The old man sat back down and rubbed his eyes. They were red and he looked tired. His glasses were on top of me, next to the newspaper which he had read from cover to cover. He put his glasses back on and looked at again at James.

“You shot a dead man in his two knees. A dead man. What were you thinking?”

James didn’t say anything.

The old man went on: “The corpse wasn’t going to get up run to the police as soon as your back was turned. He had a heart attack, or an overdose – or both – and left the bag on the setee. It was a gift, James. A gift! Get in, take the bag and vacate the premises – that’s what you should’ve done.”

James looked cowed. He was hesitant:
“But Doc, you said don’t come back here until…”

The older man raised a hand in the air to quieten the boy. He sucked his teeth and sat down: “Yes, no, you’re right. It is my fault. I told you not to come back until he had holes in his knees.

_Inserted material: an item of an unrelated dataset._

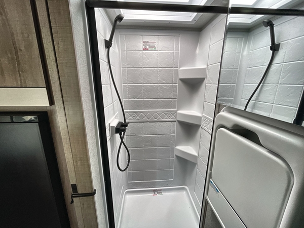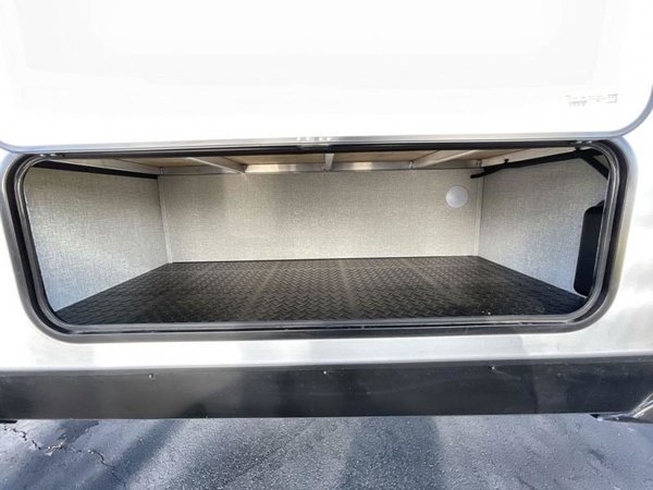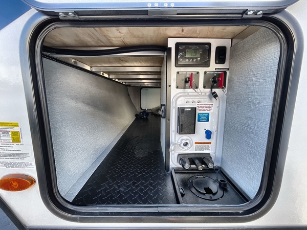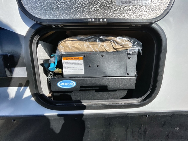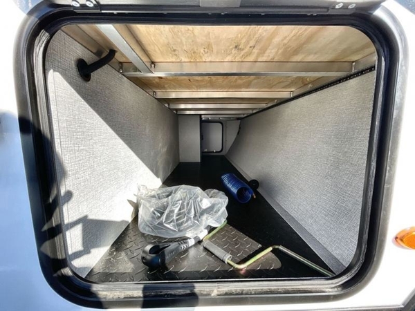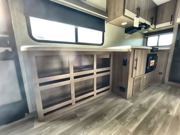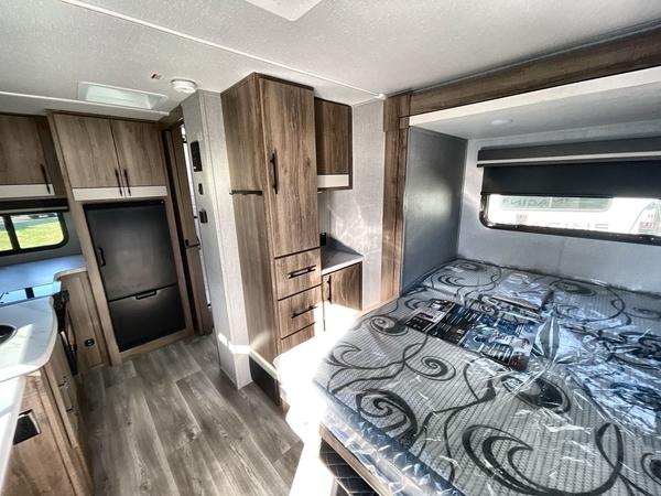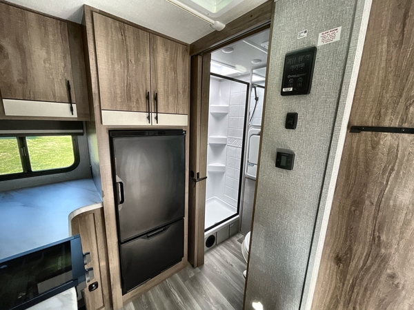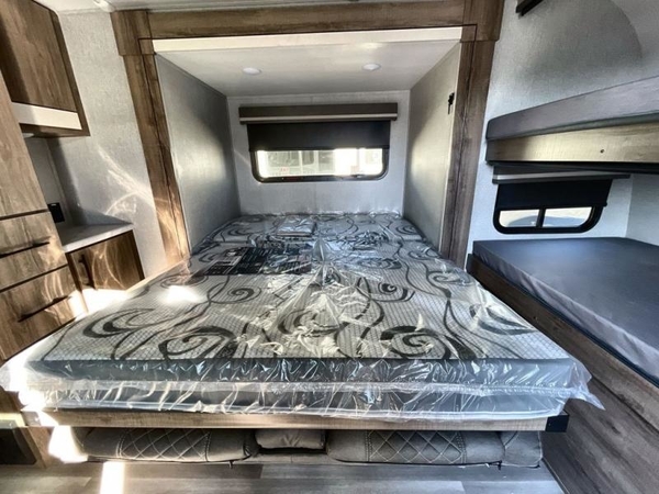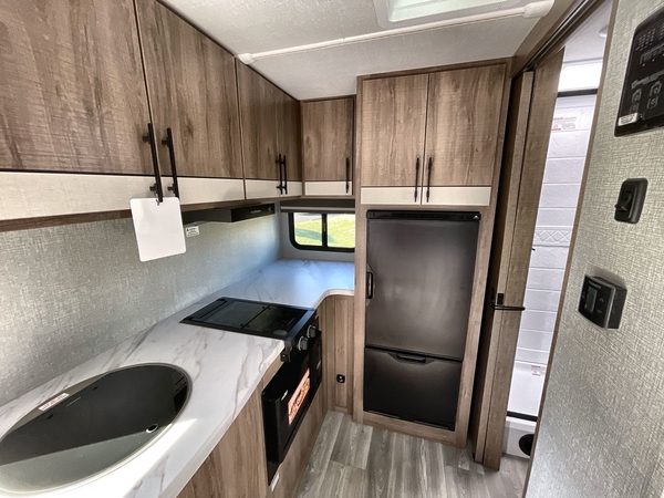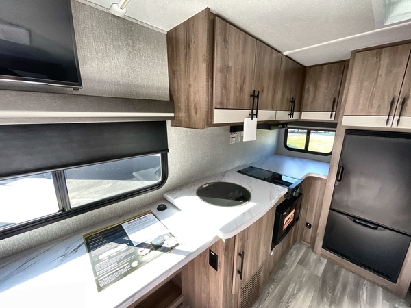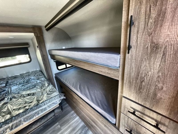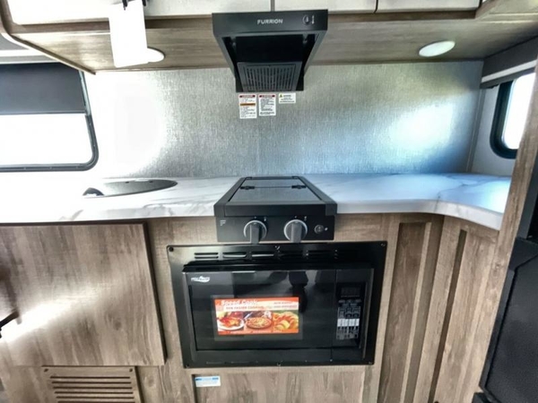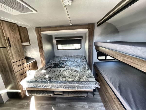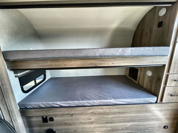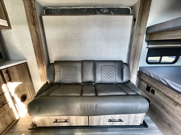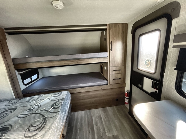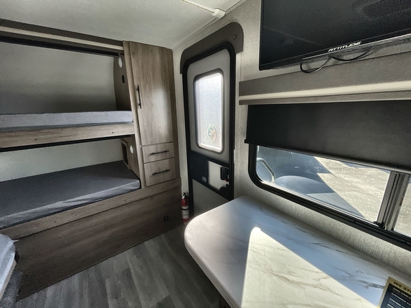 Head to far-off adventures in this lightweight travel trailer that can sleep four each night. There are front bunk beds with pull-down privacy blinds and a wardrobe to keep clothes tidy. You'll enjoy the Murphy bed slide out for seating and sleeping space, and there is also a removable table here and two drawers for storage. The full kitchen includes a two burner cooktop, a convection microwave, plus a 12V refrigerator for food storage. You can dine each day at the bar tabletop with three stools, or take your plate outdoors to sit under the 12' power awning with LED lights.
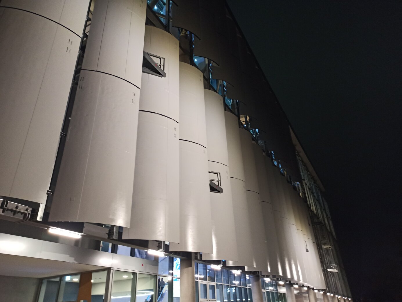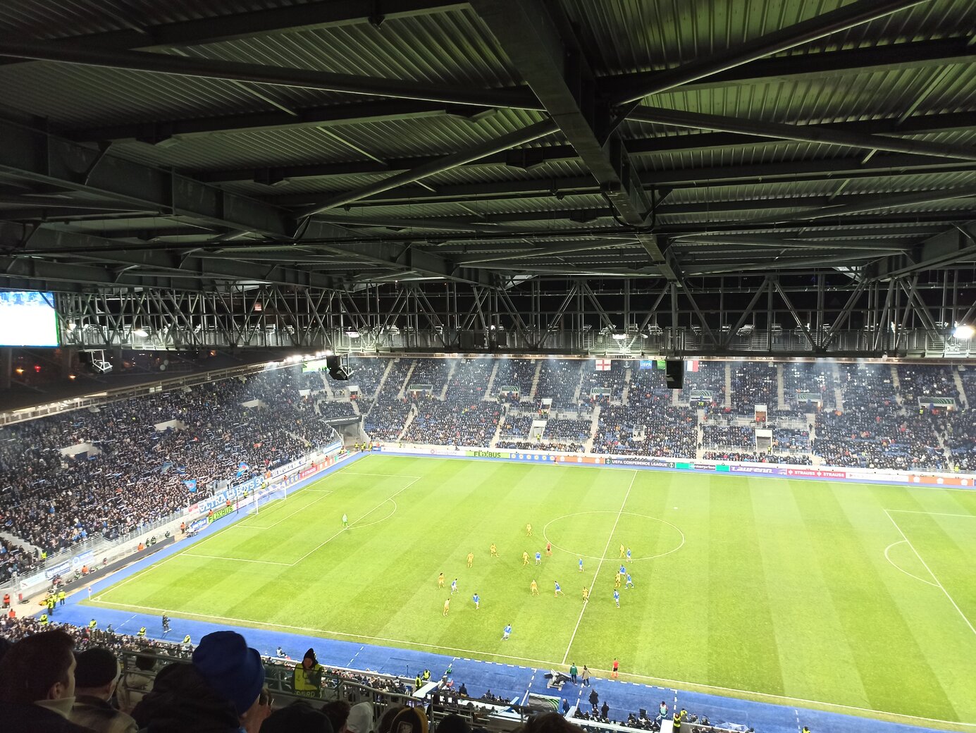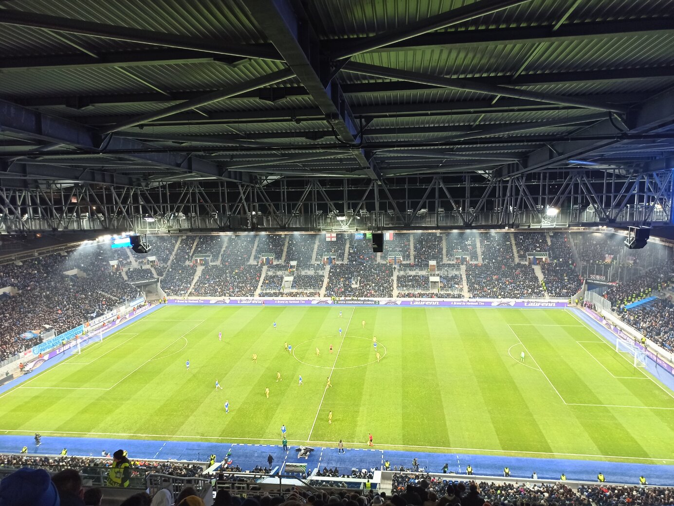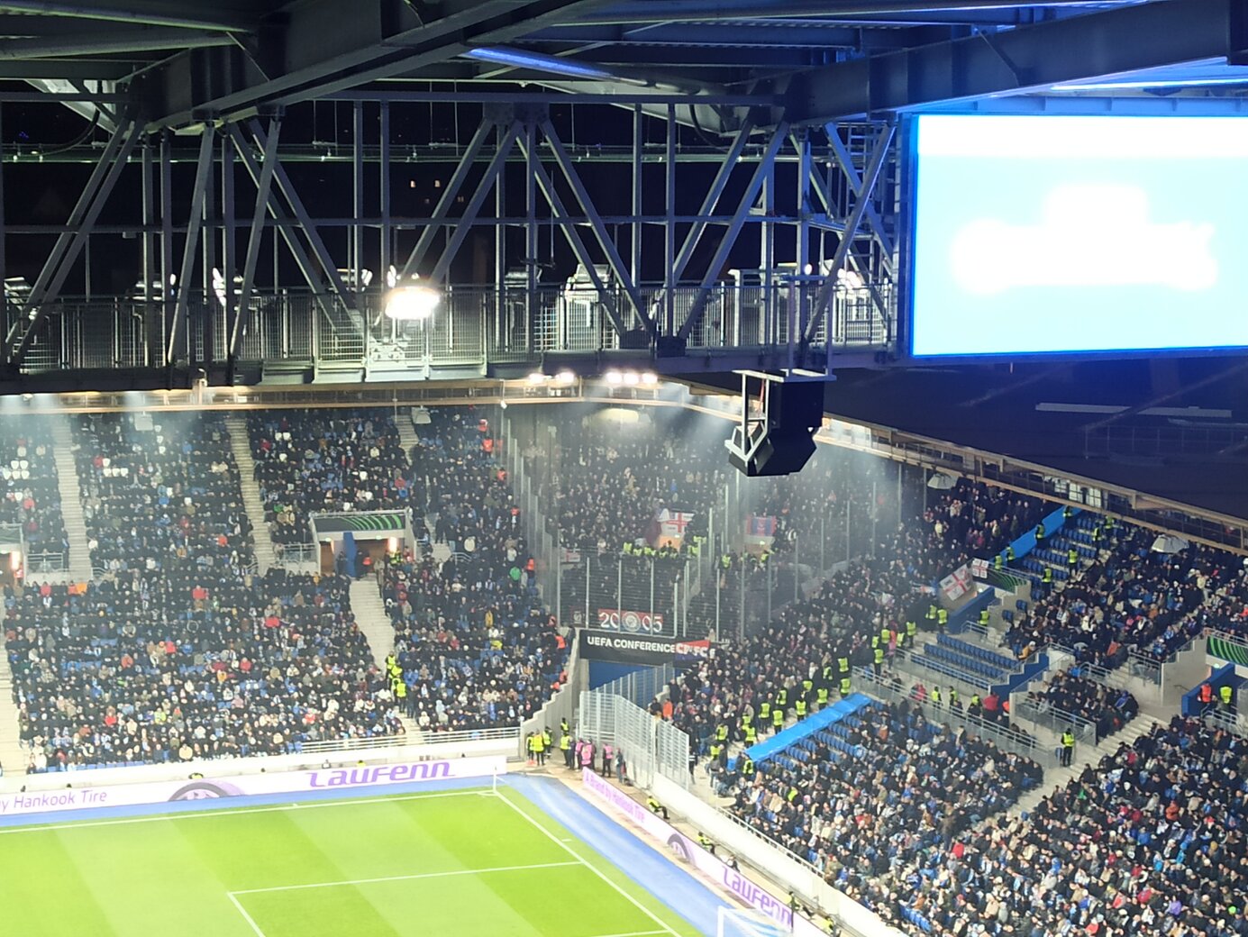 Wie auch immer, Racing beendete die Saison 2024/25 auf Platz 7 und qualifizierte sich damit für die Play-offs zur UEFA Conference League. Dort setzten sie sich gegen Bröndby IF mit einem 0:0 zu Hause und einem 3:2 Auswärtssieg durch und erreichten so die Gruppenphase. An einem Montag im September gingen die Karten für die Dreier-Heimspielserie um 14:00 Uhr in den freien Verkauf. Um 14:15 Uhr war das Stadion ausverkauft. Ich war zum Glück beim Run dabei und habe zwei Tickets für meinen Sohn und mich abgestaubt. Auf der nigelnagelneuen Haupttribüne. Im Januar war diese Tribüne noch Baustelle und wurde im Sommer fertiggestellt. Im Vergleich zu davor wurde sie mit einem zusätzlichen Rang deutlich erweitert und bietet nun 8.000 Zuschauern Platz.Unsere Karten sind in der drittletzten Reihe. Verglichen mit dem Rest des Strasbourger Stadions ist das schon weit weg, aber objektiv hat man von dort gute Sicht.

“I’m sorry James, you’re right. I suppose this is a learning curve for both of us. If you’re going to survive you must learn to adapt. We must share responsibility. My directions were too explicit and left no room for interpretation; your actions now mean that the police will be on the lookout for a gunman and will attempt to comprehend why in God’s name somebody would shoot a dead man in both knees. We must hope that conundrum will perplex them for some time.”

The old man turned to the youngest man; the one who hadn’t spoken: “He is definitely deceased?”

“Yes Doc. Cold to the touch, eyes open, no breathing, no pulse. As dead a thing as ever I’ve seen.”

He nodded at the old man and something unspoken passed between them. Then the youngest got up from his chair and tapped James on the shoulder. They both got up quietly and left. Neither of them spoke.

The old man was alone again in the room. He sighed and opened the cabinet and took out a bottle of Jameson and two tumblers. He filled them both to the brim and placed one on the other side of the table. He took his own glass in hand and clinked the ghost’s in a sombre toast. Then he took out a pocket handkerchief and dabbed at his red eyes, which by now were moist.